• [GIVEN DATA]:
- Opening Delimiter -

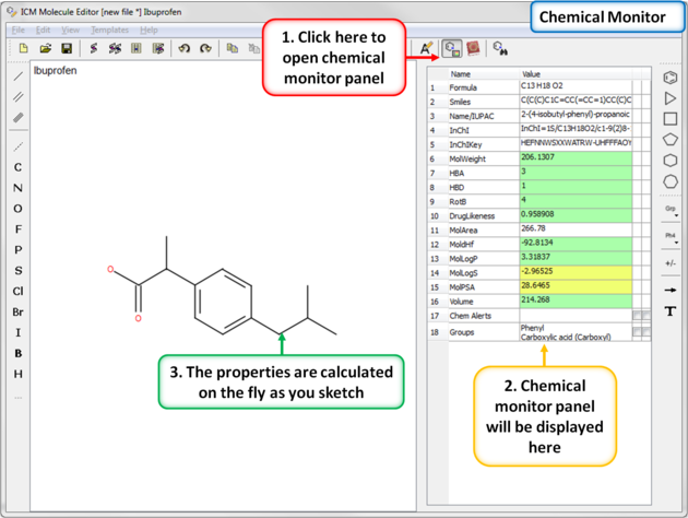 When drawing a compound in ICM you can monitor important ADME-Tox and drug-likeness properties.
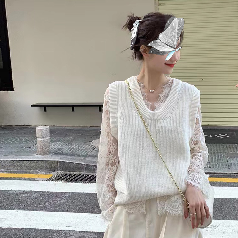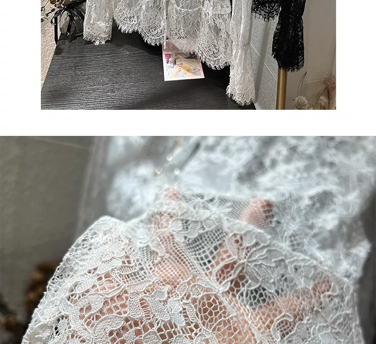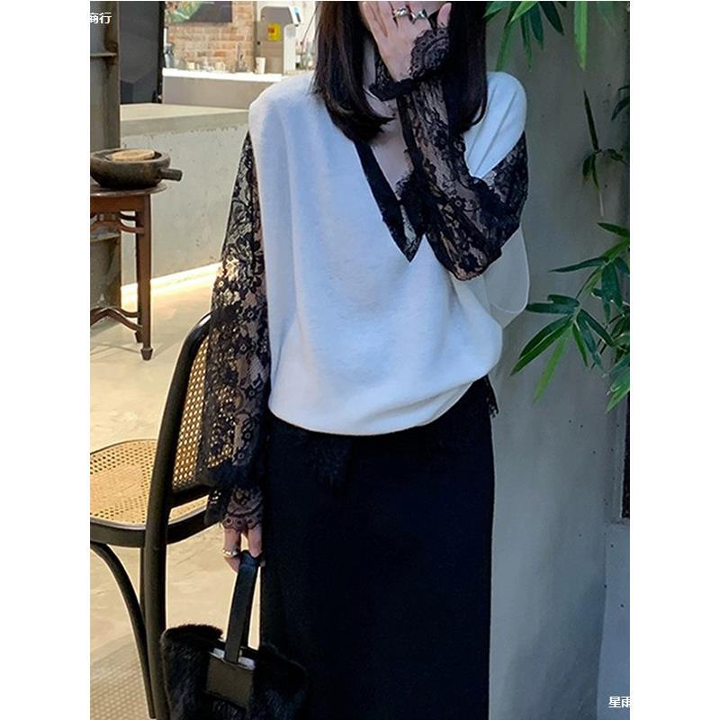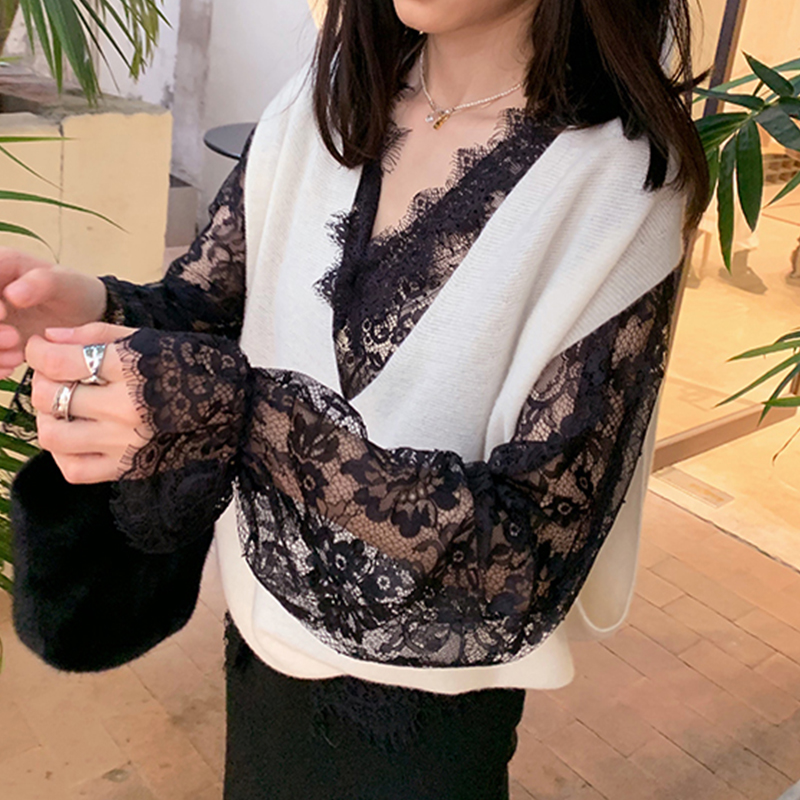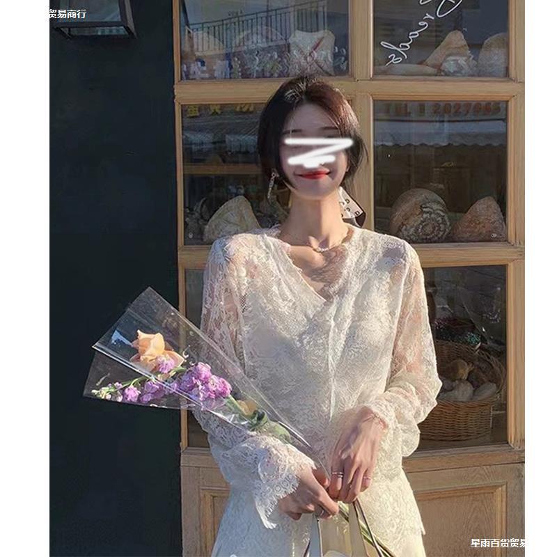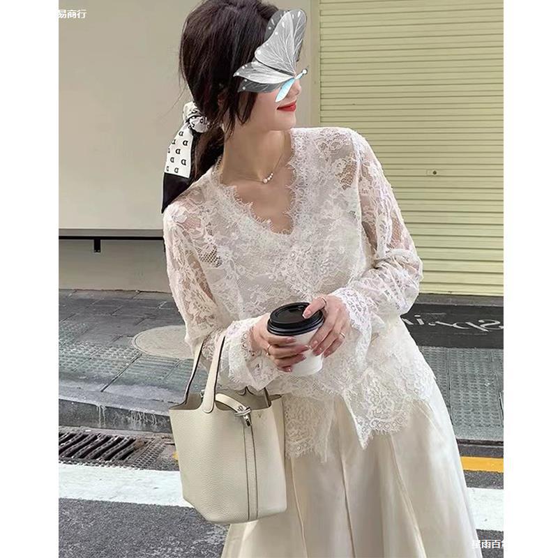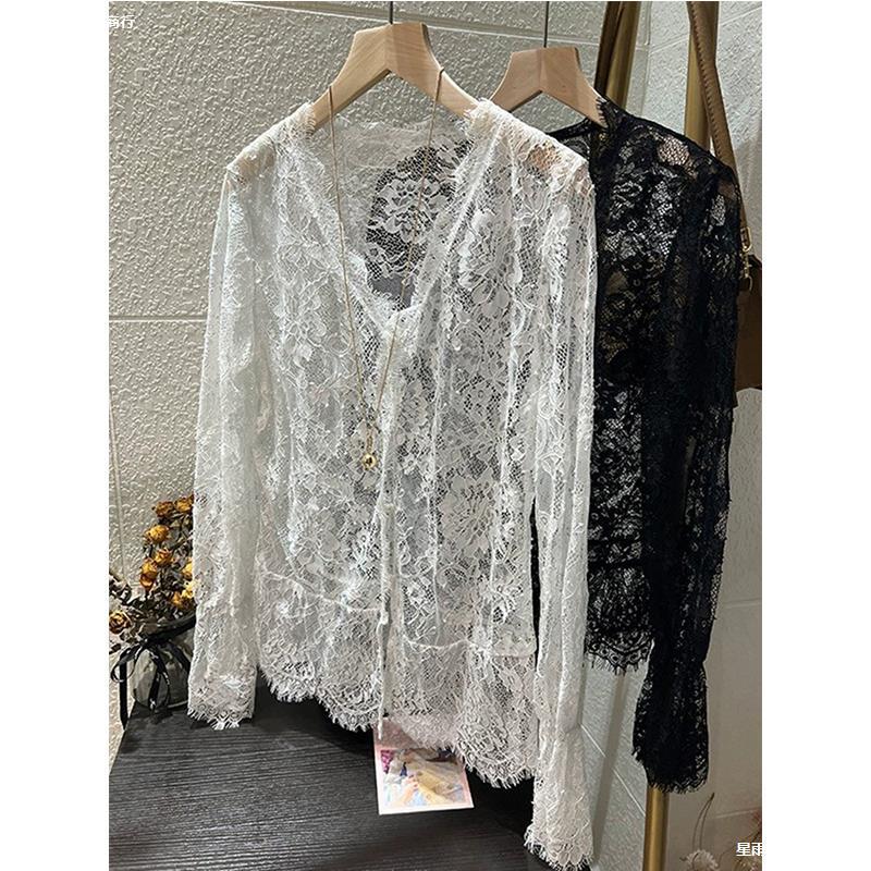 Французская кружевная нижняя рубашка для женщин на весну и осень, новый стильный костюм с рубашкой, стильный сетчатый топ с v-образным вырезом и рукавами-колокольчиками
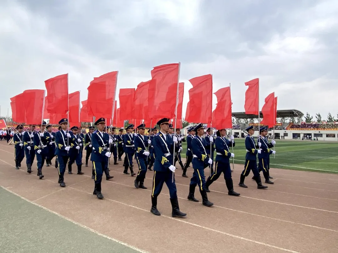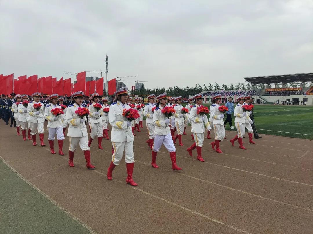 吉林工商学院国旗护卫队首先入场。他们身姿挺拔,动作整齐,护送象征着国家主权的国旗,在同学们的一众注视下走入会场。紧随其后的是由74名商学院学子组成的旗海花束队,军旗飘飘,军姿帅气。他们身上闪耀着光芒,代表着吉林工商学院学子坚持不懈、顽强刻苦的精神。随后,商学院方队迎面走来,他们精神饱满,步伐铿锵有力,动作整齐划一,身上展露出新时代青年蓬勃的朝气。“台上一分钟,台下十年功”,多日以来严格刻苦的训练成果在这一次检阅中体现得淋漓尽致!
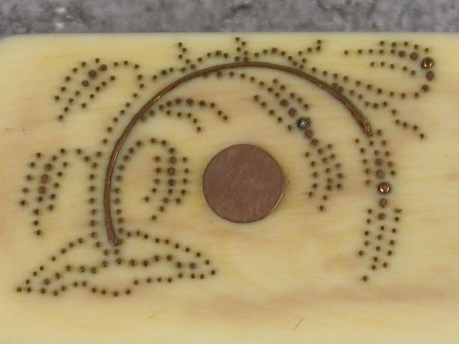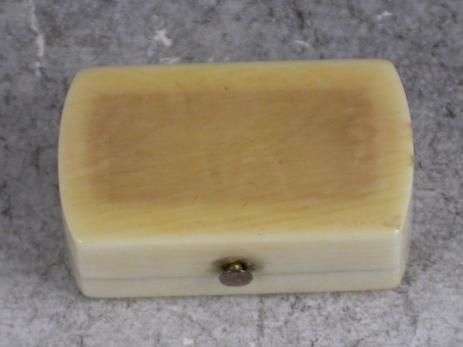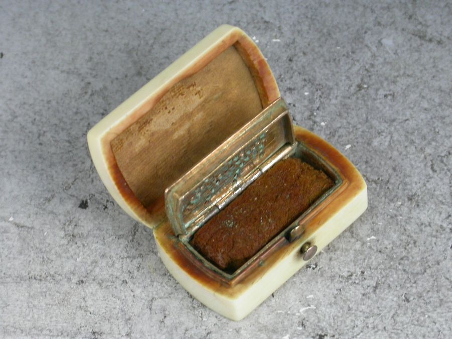 A rare mid 19th century ivory Vinaigrette of rounded rectangular form, the lid inset with gold pique work depicting a fern and a vacant circular cartouche, the interior with hinged grille pierced with a fern pattern and complete with original sponge.

- Closing Delimiter -

From the line with "Французская кружевная нижняя" to the last line of the material, both inclusive, set down every line exactly and nothing else; omit pictures.

 Французская кружевная нижняя рубашка для женщин на весну и осень, новый стильный костюм с рубашкой, стильный сетчатый топ с v-образным вырезом и рукавами-колокольчиками
 吉林工商学院国旗护卫队首先入场。他们身姿挺拔,动作整齐,护送象征着国家主权的国旗,在同学们的一众注视下走入会场。紧随其后的是由74名商学院学子组成的旗海花束队,军旗飘飘,军姿帅气。他们身上闪耀着光芒,代表着吉林工商学院学子坚持不懈、顽强刻苦的精神。随后,商学院方队迎面走来,他们精神饱满,步伐铿锵有力,动作整齐划一,身上展露出新时代青年蓬勃的朝气。“台上一分钟,台下十年功”,多日以来严格刻苦的训练成果在这一次检阅中体现得淋漓尽致!
 A rare mid 19th century ivory Vinaigrette of rounded rectangular form, the lid inset with gold pique work depicting a fern and a vacant circular cartouche, the interior with hinged grille pierced with a fern pattern and complete with original sponge.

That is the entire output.